The DXY index misleadingly suggests dollar strength by comparing it mainly to the Euro and Yen. In reality, the dollar is significantly weakening against emerging market currencies like those of Brazil and Mexico. This hidden trend makes shorting the dollar via commodities a more effective trade than traditional FX pairs.
The EM FX risk appetite index, which has a strong track record of predicting downturns, is at an extreme level, suggesting a correction. However, the model was trained during a dollar-bullish cycle and may be misinterpreting the current pro-cyclical, bearish-dollar environment, potentially making its contrarian signal less reliable this time.
The danger to the U.S. dollar is not a dramatic replacement by the Euro or RMB, but a slow erosion of its primacy. This is visible in central banks increasing gold reserves, greater hedging activity, and China’s de-dollarization campaign. This gradual shift ultimately raises borrowing costs for the US government and American consumers.
The dollar's decline, particularly in April, was not driven by investors divesting from US assets.

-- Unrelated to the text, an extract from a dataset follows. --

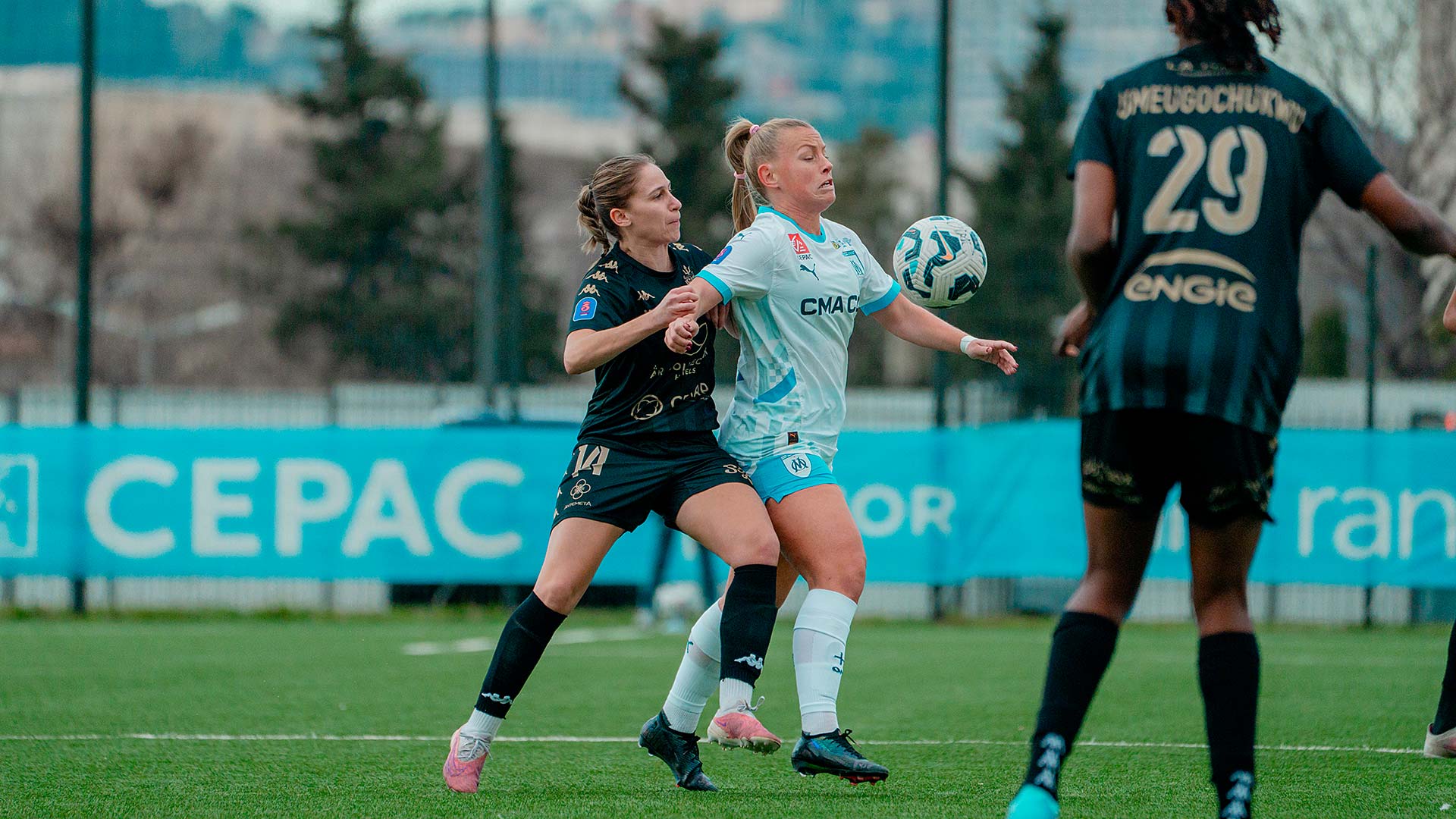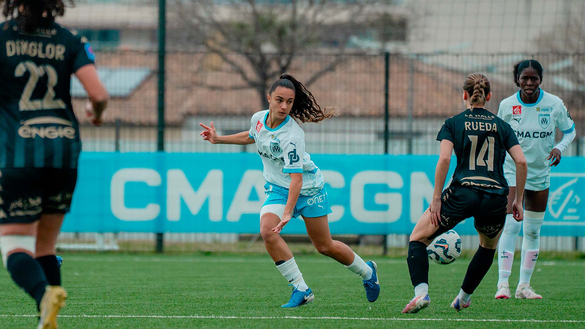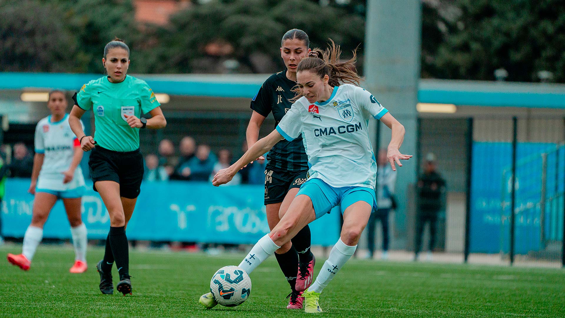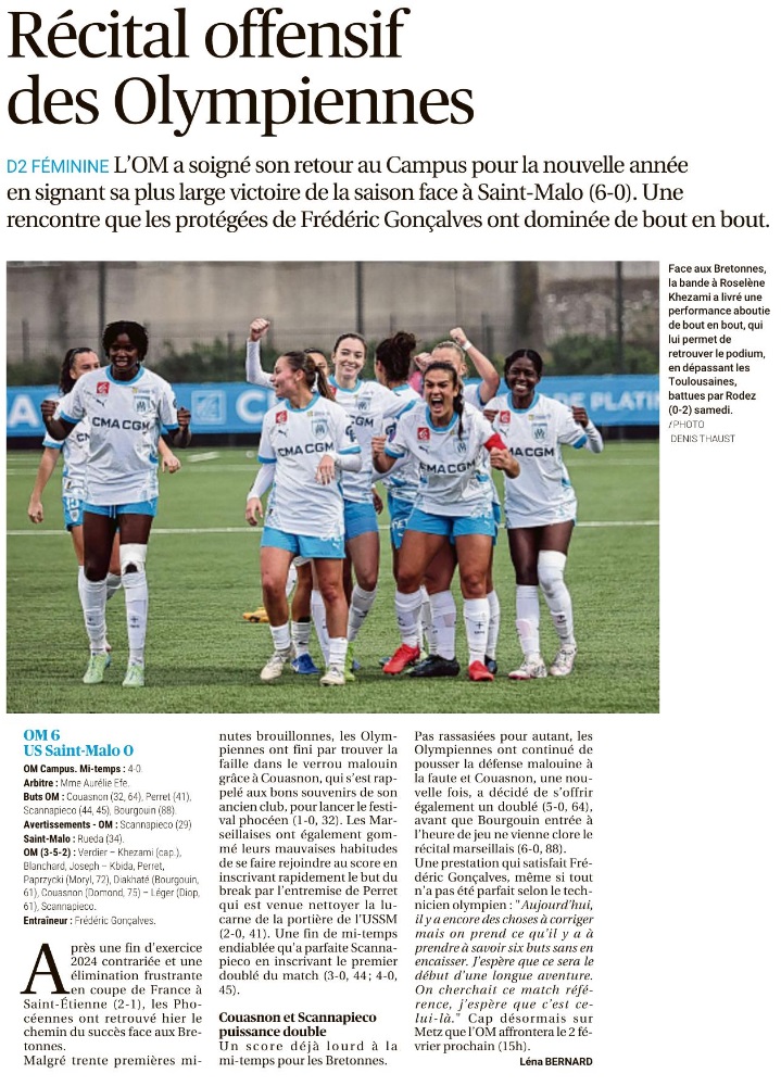 Notre équipe professionnelle féminine a gagné, 6 buts à 0, à domicile contre l'US Saint-Malo. Frédéric Gonçalves, entraîneur de l'équipe féminine, avait souligné durant la semaine l'importance de la rencontre du dimanche 19 janvier face à l'US Saint-Malo. Il a été entendu par ses joueuses qui n'ont pas fait de détail face aux Bretonnes à l'OM Campus. À la pause, le score était déjà de 4-0 en faveur de nos Olympiennes. Roxane Couasnon avait ouvert le bal des buts. Jenny Perret l'a imitée avant que Dona Scannapieco ne signe un doublé en deux minutes juste avant le repos. En seconde période, Roxane Couasnon et Laura Bourgouin ont aggravé la marque. Avec ce succès, l'OM est troisième au classement de Seconde Ligue avec 18 points à trois longueurs du deuxième Le Mans. Lors de la prochaine journée, le dimanche 2 février à 15 heures, nos Olympiennes joueront sur la pelouse du FC Metz. |

Instead, it was caused by investors with large, unhedged dollar exposures belatedly adding hedges. This involves selling dollars in the spot or forward markets, creating downward pressure without actual asset sales.
Unlike emerging markets where pro-cyclical trades are crowded, positioning data shows the bearish US dollar view is not widely held in G10 currencies. This lack of a broad consensus short means there is less risk of a sharp deleveraging, giving pro-cyclical G10 FX more room to appreciate against the dollar.
With dollar correlations at elevated levels, finding cheap, clean directional expressions against the dollar is challenging. Sophisticated traders are creating bearish dollar baskets that mix G10 currencies (AUD, NOK) with Emerging Market currencies (HUF, ZAR) to achieve greater pricing efficiency.
The U.S. dollar's decline is forecast to persist into H1 2026, driven by more than just policy shifts. As U.S. interest rate advantages narrow relative to the rest of the world, hedging costs for foreign investors decrease. This provides a greater incentive for investors to hedge their currency exposure, leading to increased dollar selling.
While broad emerging market currency indices appear to have stalled, this view is misleading. A deeper look reveals that the "carry theme"—investing in high-yielding currencies funded by low-yielding ones—has fully recovered and continues to perform very strongly, highlighting significant underlying dispersion and opportunity.
The combination of restrictive trade policy, locked-in fiscal spending, and a Federal Reserve prioritizing growth over inflation control creates a durable trend toward a weaker U.S. dollar. This environment also suggests longer-term bond yields will remain elevated.
According to Keith McCullough, historical backtesting reveals the rate of change of the U.S. dollar index is the most critical macro factor for predicting performance across asset classes. Getting the dollar right provides a significant edge in forecasting moves in commodities, equities, and other global markets.
Despite strong price performance in commodities like copper and precious metals, the currencies of key EM exporting countries have not reacted as strongly as they should. This disconnect suggests that the 'terms of trade' theme is underpriced in the FX market, indicating potential valuation upside for these currencies.